Hurler's syndrome is a rare congenital metabolic disorder and is inevitably lethal when untreated. The presenting symptoms are usually vague, resembling those found in otherwise healthy children.

METHODS

We present a patient with Hurler's syndrome and discuss the unspecific clinical signs and symptoms seen in these patients based on a review of relevant literature.

RESULTS

A two-months-old infant boy was operated for a rightsided inguinal hernia.
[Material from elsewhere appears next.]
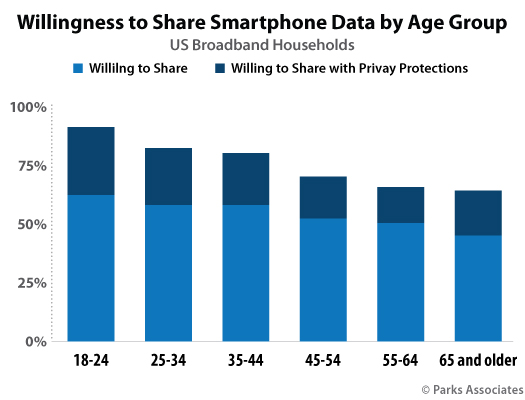 Parks Associates research finds consumers in US broadband households are generally willing to participate in contact tracing, including sharing smartphone data, to help combat the coronavirus outbreak, although willingness varies based on age and their personal experience with the disease. The Market Snapshot COVID-19 Contact Tracing: Consumer Perspectives reports among heads of US broadband households ages 18-24, 90% are willing to share smartphone data if privacy protections are offered. In contrast, just over 63% of those age 65+ are willing to share data.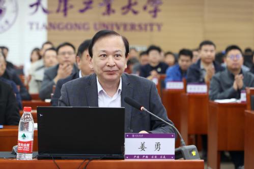 校长姜勇代表学校作审核评估自评工作汇报。他从学校基本情况、教育教学成效、未来发展设想三个方面介绍了整体情况,并从加强党的全面领导、提升思政工作水平、学生工作提质增效、建强本科专业体系、服务国家地方重大需求、全面深化“新四科”综合改革、完善实践教学体系七个方面,全面介绍了学校本科教育教学改革特色与亮点。

The anaesthesiologist had difficulty intubating the patient. During the following months the patient had a severe allergic reaction to vaccination, chronic rhinitis with recurrent upper airway infections, and diarrhoea and vomiting. Eventually, failure to gain weight, and psychomotoric delay led to a thorough clinical investigation. Extensive X-ray diagnostics and analysis of urine and serum concluded with Hurler's syndrome.

CONCLUSIONS

Clinical vigilance is needed in the diagnosis of Hurler's syndrome. Early symptoms, such as rhinitis and hernia, are vague and unspecific. Radiological features, such as broad costae or gibbus, are helpful in obtaining the diagnosis. Decreased level of alpha-L-iduronidase in serum confirms the diagnosis of Hurler's syndrome. Patients tend to be treated symptomatically before the eventual diagnosis of this syndrome.